• [Data records]
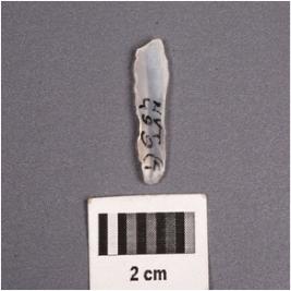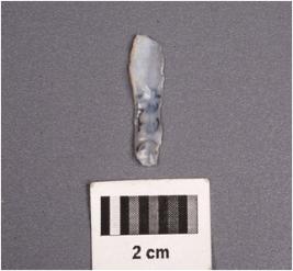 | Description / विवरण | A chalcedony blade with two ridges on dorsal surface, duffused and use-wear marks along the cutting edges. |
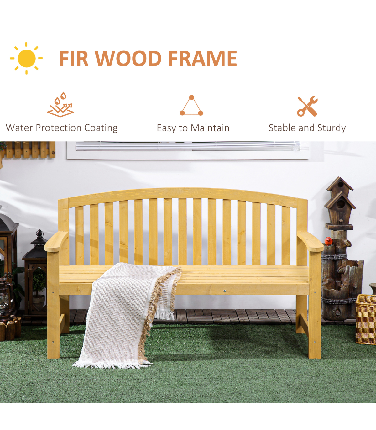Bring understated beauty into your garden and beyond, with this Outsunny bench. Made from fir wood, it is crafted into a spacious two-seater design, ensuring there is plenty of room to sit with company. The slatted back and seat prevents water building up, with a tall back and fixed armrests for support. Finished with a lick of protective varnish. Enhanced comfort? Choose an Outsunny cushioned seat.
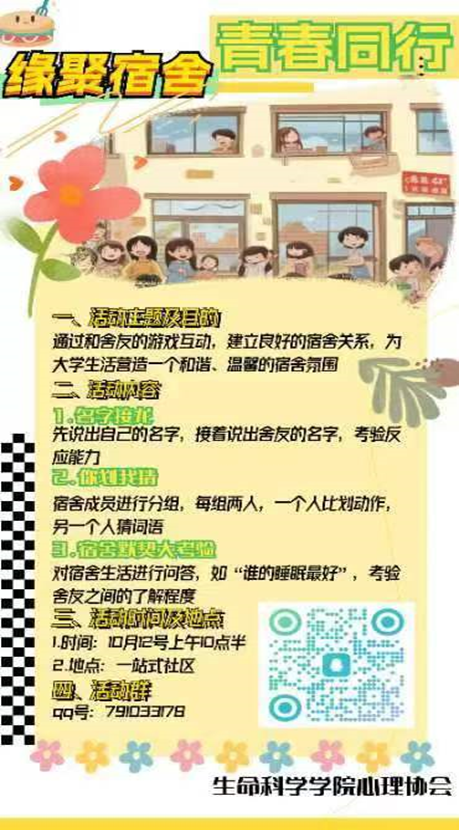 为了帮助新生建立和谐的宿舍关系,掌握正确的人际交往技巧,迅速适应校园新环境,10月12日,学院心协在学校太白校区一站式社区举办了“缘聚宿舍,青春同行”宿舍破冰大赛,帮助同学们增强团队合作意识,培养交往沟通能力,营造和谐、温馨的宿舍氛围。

--

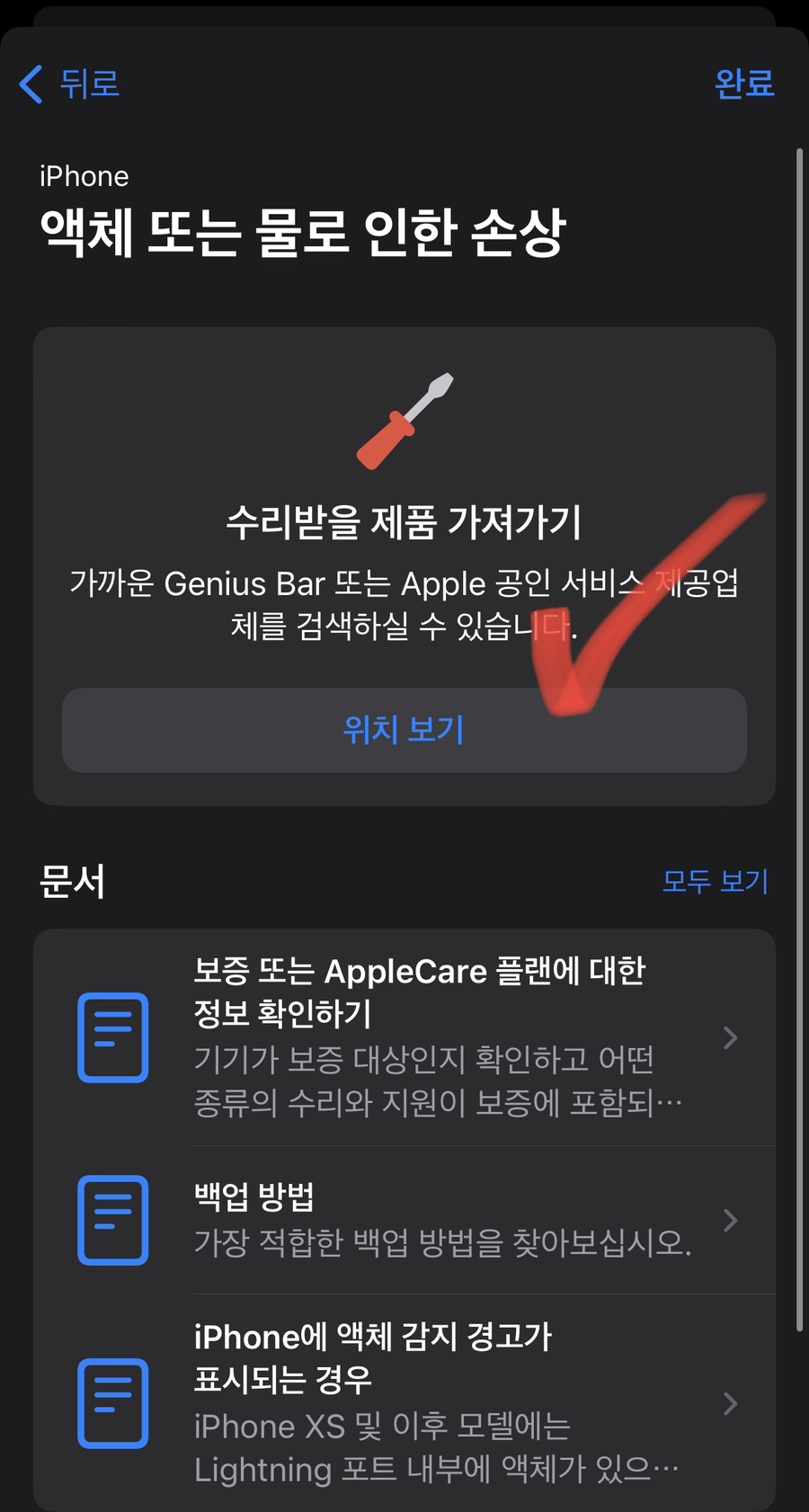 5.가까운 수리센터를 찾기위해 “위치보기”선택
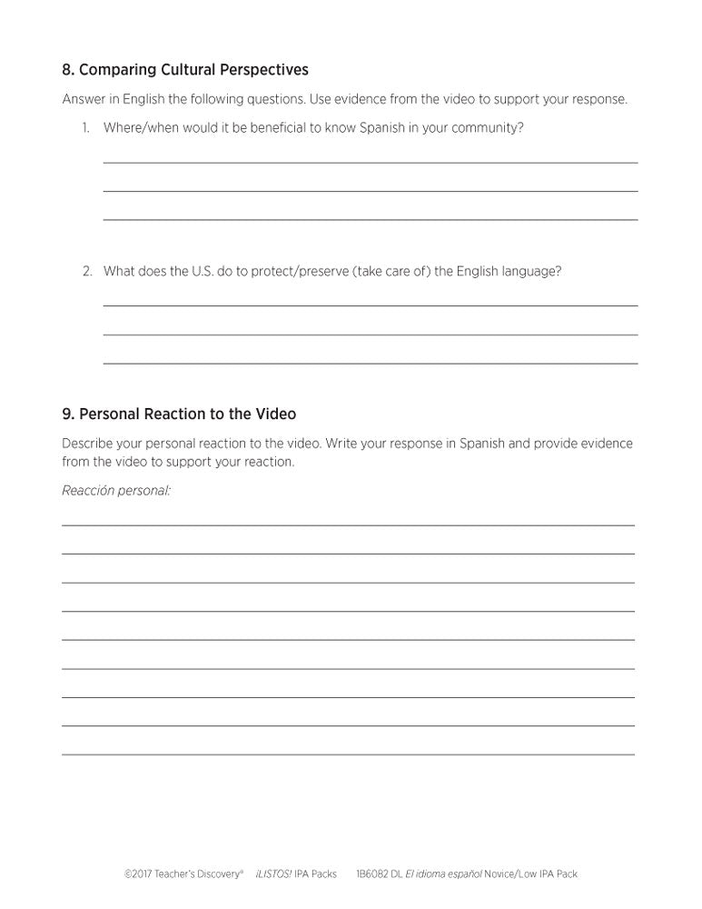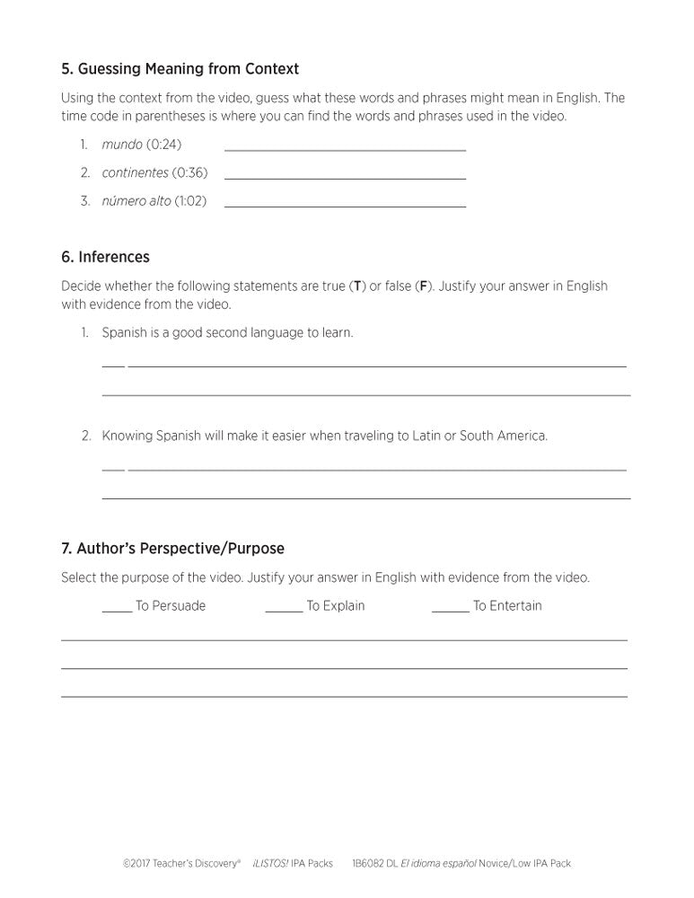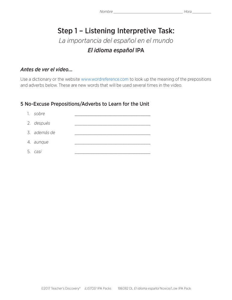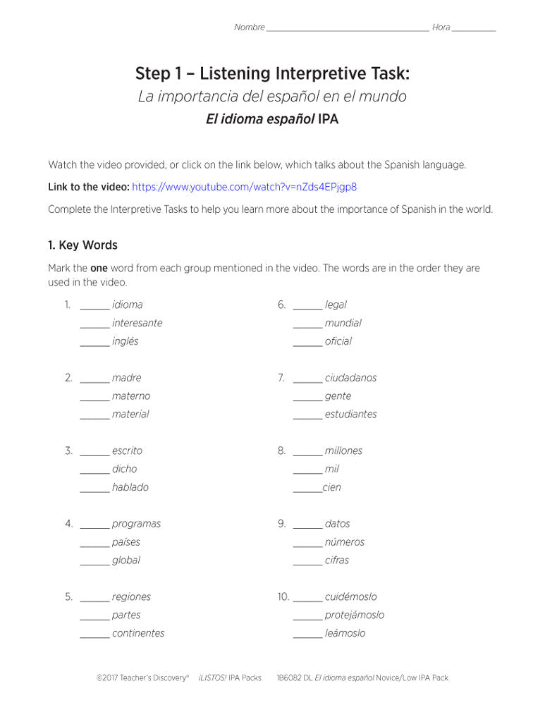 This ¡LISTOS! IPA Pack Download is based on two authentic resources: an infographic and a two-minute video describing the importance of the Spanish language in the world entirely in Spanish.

==

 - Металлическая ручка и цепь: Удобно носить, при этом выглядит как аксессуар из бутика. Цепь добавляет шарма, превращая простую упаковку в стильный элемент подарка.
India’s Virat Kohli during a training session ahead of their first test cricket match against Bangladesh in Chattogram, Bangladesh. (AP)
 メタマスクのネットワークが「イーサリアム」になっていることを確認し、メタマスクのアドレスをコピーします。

• [What you will do] Go down the entries above from the line containing "cutting edges. |" to the line containing "为了帮助新生建立和谐的宿舍关" and write out each line exactly, leaving pictures out.

• [Result]
 | Description / विवरण | A chalcedony blade with two ridges on dorsal surface, duffused and use-wear marks along the cutting edges. |
Bring understated beauty into your garden and beyond, with this Outsunny bench. Made from fir wood, it is crafted into a spacious two-seater design, ensuring there is plenty of room to sit with company. The slatted back and seat prevents water building up, with a tall back and fixed armrests for support. Finished with a lick of protective varnish. Enhanced comfort? Choose an Outsunny cushioned seat.
 为了帮助新生建立和谐的宿舍关系,掌握正确的人际交往技巧,迅速适应校园新环境,10月12日,学院心协在学校太白校区一站式社区举办了“缘聚宿舍,青春同行”宿舍破冰大赛,帮助同学们增强团队合作意识,培养交往沟通能力,营造和谐、温馨的宿舍氛围。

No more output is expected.